Убит иностранный путешественник. Об этом событии доложено государю. Представляете его гнев и тревогу за дальнейшее состояние отношений с Австро-Венгерской империей. Ведь это международный скандал, который может перерасти в военные действия.
— Мне до этого нет дела, — проронил Мозалевский, не отводя взгляд от пола. — Я не убивал Дильмаца. Я не отрицаю, что мы с Казначеевым проникли в его квартиру с преступными замыслами, даже взяли кое-что, но убивать не убивали. — Он поднял голову и посмотрел в глаза Тартищеву. — Почему вы не верите мне? Ведь я мог свалить всю вину за случившееся на Гурия, но я ведь не делаю этого, потому что мы оба не виноваты в этом преступлении.
— На одежде Казначеева не обнаружено следов крови, кроме той, что излилась из его головы. А вот на вашем сюртуке и жилете, а также деньгах, которые обнаружили у вас при обыске, следы крови имеются.
Зачем вам понадобилось пытать старика перед смертью? Надеялись поживиться чем-нибудь более существенным?
Мозалевский побледнел и вновь опустил глаза в пол. И Тартищев понял, что ничего от него не добьется.
— Ладно, не хотите говорить, не говорите. — Тартищев огорченно покачал головой. — Вы ведь письмоводителем у следователя работали, вроде и устав уголовного судопроизводства знаете, и процедуру дознания, но только одного не учли, сколько высокопоставленных лиц заинтересовано в скорейшем разрешении этого дела. И поэтому дозволено судить вас военным судом с применением военно-полевых законов.
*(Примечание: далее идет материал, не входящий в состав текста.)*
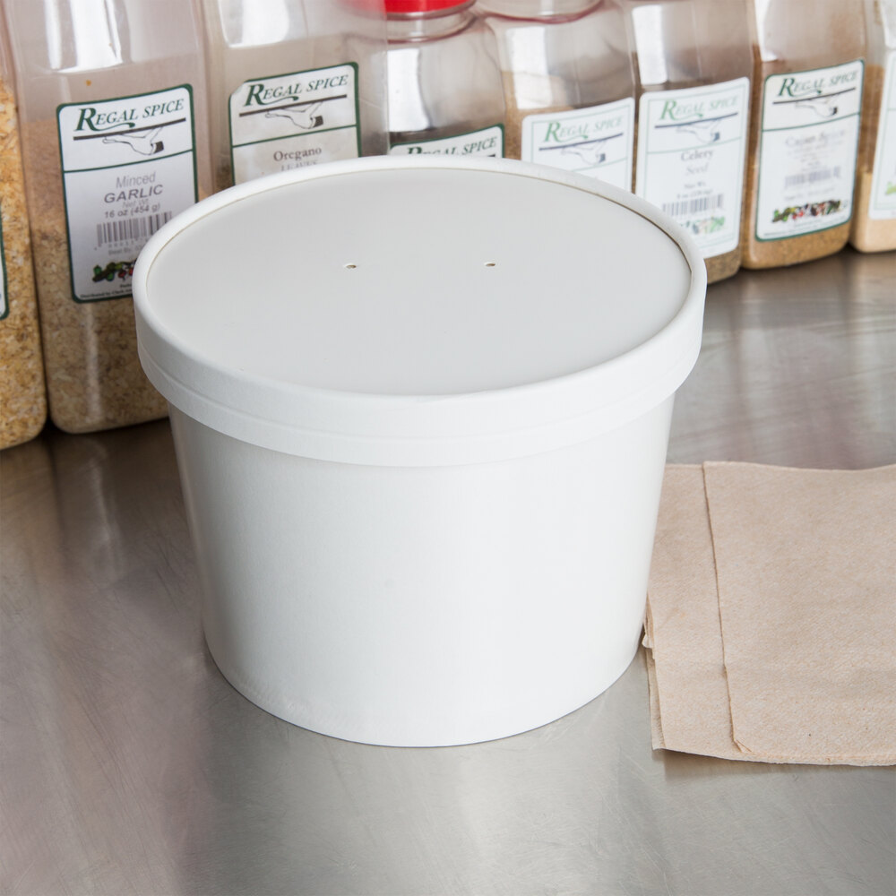 • Choice 64 oz. White Paper Soup / Hot Food Cup Vented Lid - 25/Pack
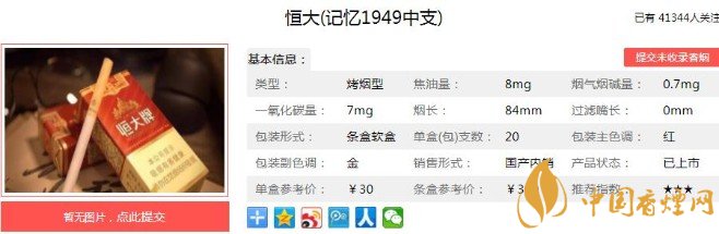 以上便是香煙網(wǎng)小編為大家介紹的關(guān)于恒大記憶1949原始香煙包裝,價(jià)格還是當(dāng)年的30元一包!的相關(guān)信息,大家看完之后是不是對(duì)于這款香煙更加了解呢,想要了解更多內(nèi)容歡迎點(diǎn)擊:恒大煙魁1903口感測(cè)評(píng) 百元大佬煙色香味俱全
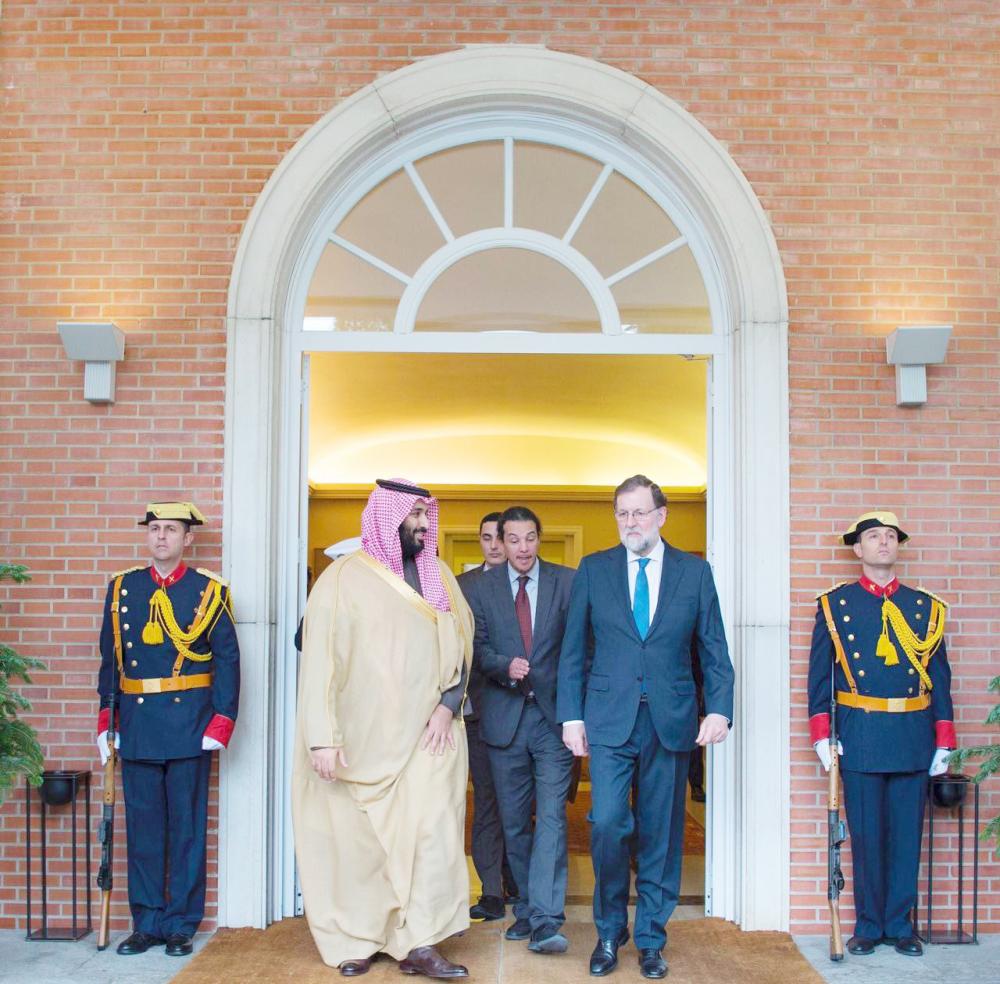 التقى ولي العهد نائب رئيس مجلس الوزراء وزير الدفاع الأمير محمد بن سلمان بن عبدالعزيز في العاصمة الإسبانية (مدريد)، رئيس الوزراء الإسباني ماريانو راخوي بحضور وفدي البلدين، واستعرض اللقاء العلاقات السعودية ــ الإسبانية، والشراكة الثنائية في مختلف المجالات، وفرص تطويرها.

Вы понимаете, чем это пахнет?
Мозалевский побледнел еще больше и сделал движение, чтобы подняться на ноги. Но силы оставили его, и он как подкошенный свалился в кресло, прошептав едва слышно:
— Нет таких законов, чтобы за простое убийство судить военным судом!
— А вот тут вы сильно заблуждаетесь! Не забывайте, Мозалевский, — сказал сухо Тартищев, — что князь — иностранный подданный, известный в мире человек. К тому же Вена подозревает политическое убийство, а политические дела проходят по другому ведомству. Суд назначен на завтра, а сегодня уже идут приготовления на Конной площади для исполнения казни. Губернатор торопит, сами понимаете.
— Понимаю, лучше некуда, — изобразил тот улыбку, которая больше походила на оскал загнанного в угол зверя.
— На строительство виселицы уйдет целый день, поэтому есть еще возможность заменить военный суд на гражданский и отдалить его, если откроется, что убийство было совершено не из политических, а из корыстных целей.
— Я не убивал, — повторил упрямо Мозалевский, — но все-таки дайте время подумать.
— Подумайте, — пожал плечами Тартищев, — в моем присутствии и не больше четверти часа. — Он вынул брегет и положил его на столик рядом с собой. — Все, время пошло!..
Но уже через десять минут Мозалевский попросил:
— Велите подать водки или коньяку! Я расскажу все, как было, но только в том случае, если вы обещаете остановить распоряжение о военном суде!
— Вы слышали, чтобы Тартищев обманывал когда-нибудь? — справился Федор Михайлович и дал знак Алексею выйти из-за шторы. — Приготовься записывать. — И окинул Мозалевского строгим взглядом. — Но если вздумаете опять волынку тянуть!..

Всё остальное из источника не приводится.